Backend	Platform	Model Format
llama.cpp	macOS, Linux	GGUF
Foundry	macOS, Windows	ONNX

Quick Start

Prerequisites

Nix package manager
For llama.cpp: llama-server in PATH (installed via Nix flake)
For Foundry: foundry CLI and foundry-local-sdk (macOS/Windows only)

Installation

# Clone the repository
git clone https://github.com/FHNW-Security-Lab/local-llm-toolbox.git
cd local-llm-toolbox

# Enter the development environment (auto-detects GPU)
./dev

# Start the toolbox
./toolbox serve

The ./dev script auto-detects your GPU and selects the appropriate environment:

macOS: Metal (Apple Silicon)
Linux with NVIDIA: CUDA
Linux with AMD/Intel: Vulkan
No GPU: CPU-only with BLAS

You can also select a specific environment directly:

./dev nvidia   # CUDA (NVIDIA GPU)
./dev vulkan   # Vulkan (AMD/Intel)
./dev cpu      # CPU only (BLAS)

Or use Nix directly:

nix develop           # Default (Vulkan on Linux, Metal on macOS)
nix develop .#nvidia  # CUDA
nix develop .#vulkan  # Vulkan
nix develop .#cpu     # CPU only

The dashboard will be available at http://localhost:8090

Adding Models

For llama.cpp (GGUF models):

Download GGUF files to ~/.local/share/models/:

# Example: Download from HuggingFace
cd ~/.local/share/models
wget https://huggingface.co/bartowski/Qwen2.5-1.5B-Instruct-GGUF/resolve/main/Qwen2.5-1.5B-Instruct-Q4_K_M.gguf

For Foundry (ONNX models):

Use the download command or the web dashboard:

./toolbox download phi-4 foundry

Usage

Web Dashboard

Start the toolbox and open http://localhost:8090 in your browser:

./toolbox serve

From the dashboard you can:

Start/stop backends
Browse and load models
Chat with loaded models
Configure RPC clustering (llama.cpp)
Monitor system resources

CLI Commands

# Start the dashboard + API server
./toolbox serve
./toolbox serve --debug    # Enable verbose logging

# Backend management
./toolbox start llama      # Start llama.cpp backend
./toolbox start foundry    # Start Foundry backend
./toolbox stop             # Stop the active backend
./toolbox status           # Show current status

# Model management
./toolbox models           # List available models
./toolbox models llama     # List models for specific backend
./toolbox load <model>     # Load a model
./toolbox unload           # Unload current model
./toolbox download <model> # Download a model (Foundry only)

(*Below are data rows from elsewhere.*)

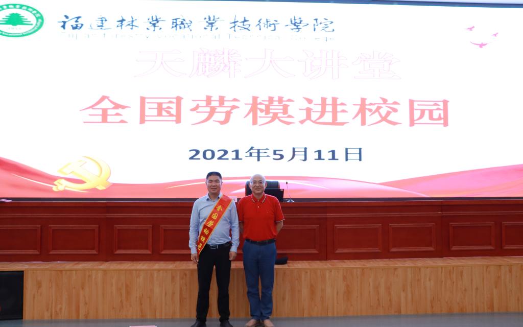 本网讯 时值五月,既是劳动人民的节日,又是国家“职业教育活动周”和学院一年一度的“技能活动月”,为贯彻落实习近平总书记在“五一”国际劳动节上发表重要讲话精神和习近平总书记对职业教育工作作出重要指示精神,深入开展“劳模进校园”活动,丰富党史学习教育形式,高质量开展党史学习教育,5月11日下午,学院特邀2020年全国劳动模范、福建省劳动模范、福建省优秀人才、福建省优秀共产党员、全国科普惠农兴村带头人、第八届全国青年农民创业致富带头人、德化黑鸡产业领头人刘志军走进学院“天麟大讲堂”,为师生作《因为热爱 所以坚持》的主题报告,与师生们零距离接触,让大家更加直观、深入地领会新时代劳模精神。
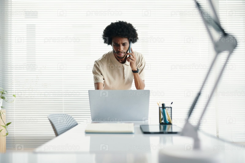 Бизнесмен читает электронные письма на ноутбуке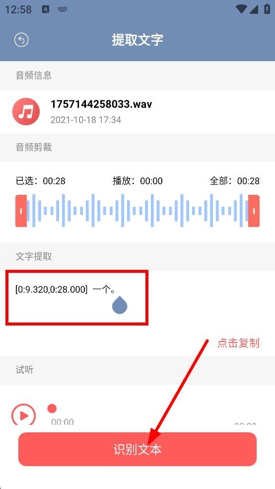 授权后选择音频,点击识别文本,提取音频中的文字。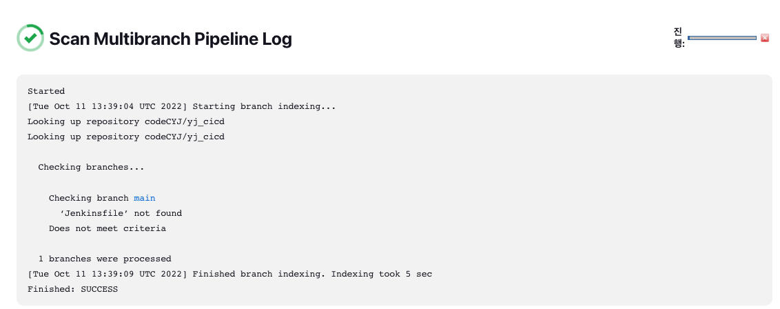 정상적으로 Jenkinsfile이 찾아진것을 볼 수 있습니다.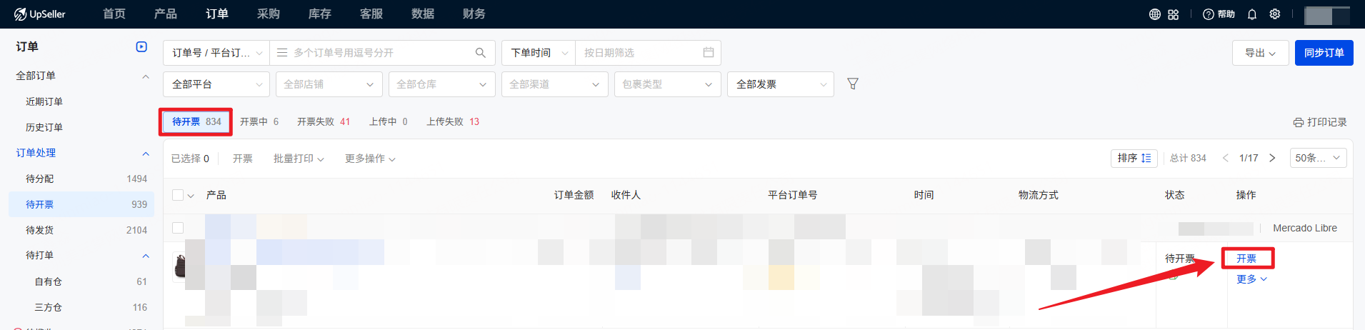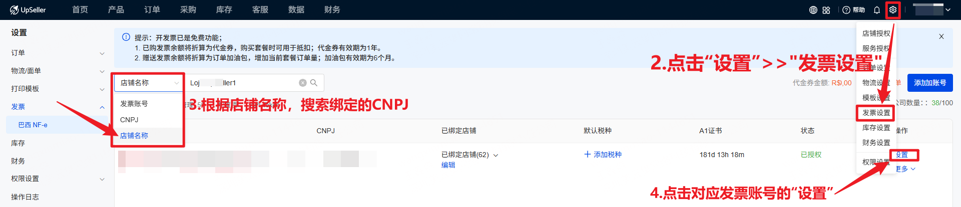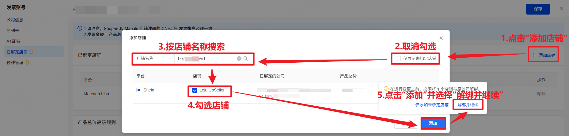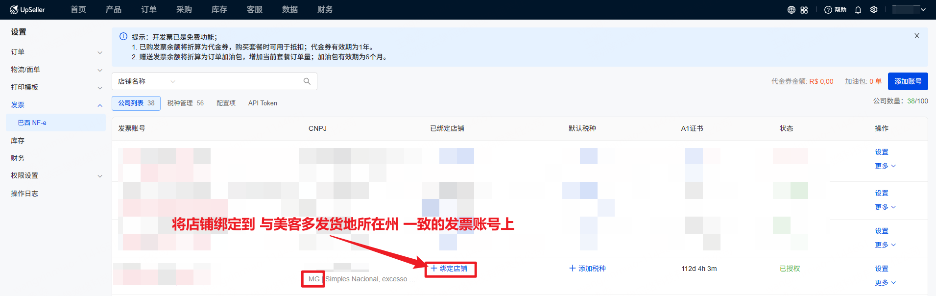 ①在UpSeller将店铺绑定到 与美客多发货地所在州相同的发票账号(MG)上

# RPC worker (run on worker machines for distributed inference)
./toolbox rpc llama        # Start as RPC worker

OpenAI-Compatible API

The API is available at http://localhost:8090/v1 and supports:

GET /v1/models - List available models
POST /v1/chat/completions - Chat completions (streaming supported)
POST /v1/completions - Text completions
POST /v1/embeddings - Embeddings (if supported by backend)

Example with curl:

curl http://localhost:8090/v1/chat/completions \
  -H "Content-Type: application/json" \
  -d '{
    "model": "qwen2.5-1.5b-instruct-q4_k_m",
    "messages": [{"role": "user", "content": "Hello!"}]
  }'

Example with OpenAI Python client:

from openai import OpenAI

client = OpenAI(
    base_url="http://localhost:8090/v1",
    api_key="not-needed"  # No auth required
)

response = client.chat.completions.create(
    model="qwen2.5-1.5b-instruct-q4_k_m",
    messages=[{"role": "user", "content": "Hello!"}]
)
print(response.choices[0].message.content)

Configuration

Copy config.env.example to .env and adjust as needed:

cp config.env.example .env

Key Settings

Variable	Default	Description
`DASHBOARD_PORT`	8090	Web dashboard and API port
`LLAMA_MODELS_DIR`	~/.local/share/models	Where to look for GGUF models
`LLAMA_PORT`	8080	llama-server port
`LLAMA_CTX_SIZE`	8192	Context window size
`LLAMA_GPU_LAYERS`	99	Layers to offload to GPU
`FOUNDRY_PORT`	5273	Foundry service port

See config.env.example for all available options.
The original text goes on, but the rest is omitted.